PROBLEM DETAILS — Find the line below with "bevictor伟德官网2024-2025学年度第一学期第十周会议安排表". Print it and every line after it exactly, through the last line, leaving out the pictures.

SUPPLIED DATA —
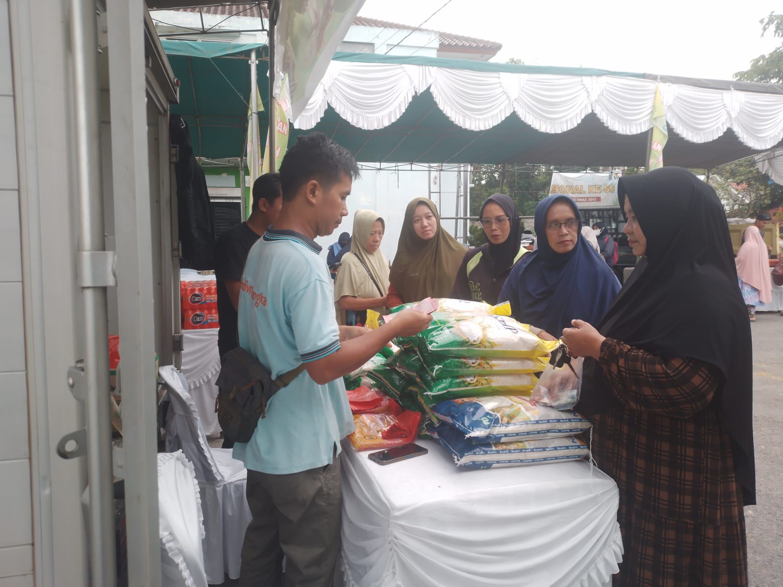 Dari sisi pasokan, distributor rata-rata membawa sekitar 2 ton beras per jenis, baik SPHP maupun premium, sehingga dinilai cukup untuk memenuhi kebutuhan masyarakat selama kegiatan berlangsung.
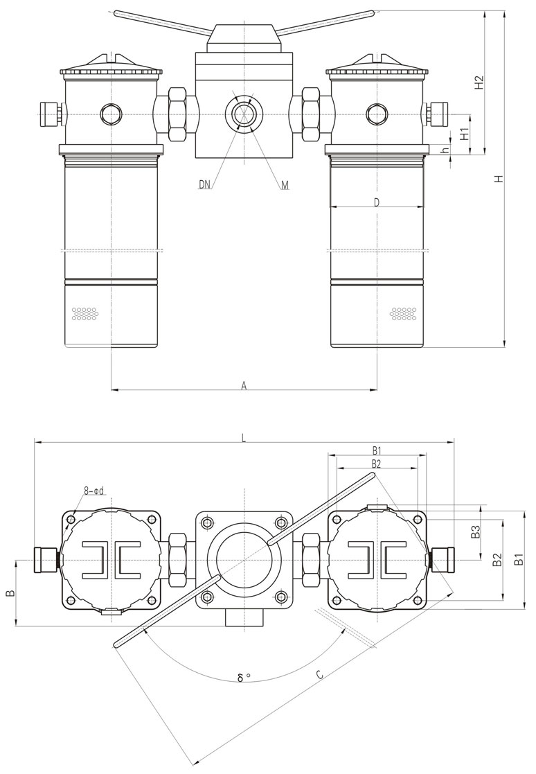 DN | M | H1 | B | B1 | B2 | B3 | d | A | D | L | H | H2 | C | h | δ | |
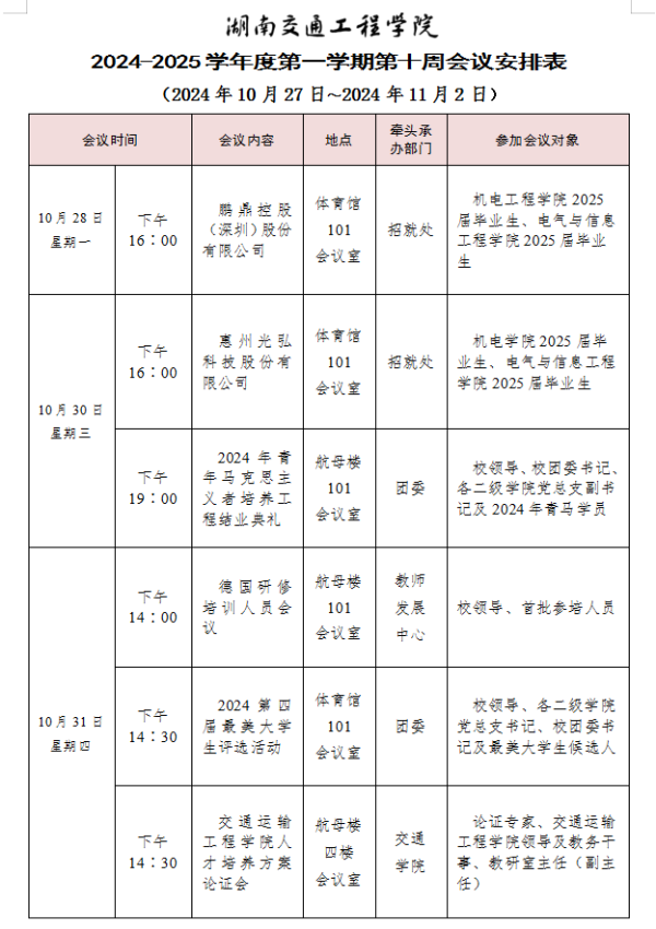 bevictor伟德官网2024-2025学年度第一学期第十周会议安排表
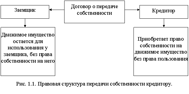Для того чтобы движимое имущество могло быть в пользовании заемщика и в то же время служить гарантией возврата кредита, используется передача права собственности на него кредитору в обеспечении имеющегося долга.

EXERCISE OUTPUT —
 bevictor伟德官网2024-2025学年度第一学期第十周会议安排表
Для того чтобы движимое имущество могло быть в пользовании заемщика и в то же время служить гарантией возврата кредита, используется передача права собственности на него кредитору в обеспечении имеющегося долга.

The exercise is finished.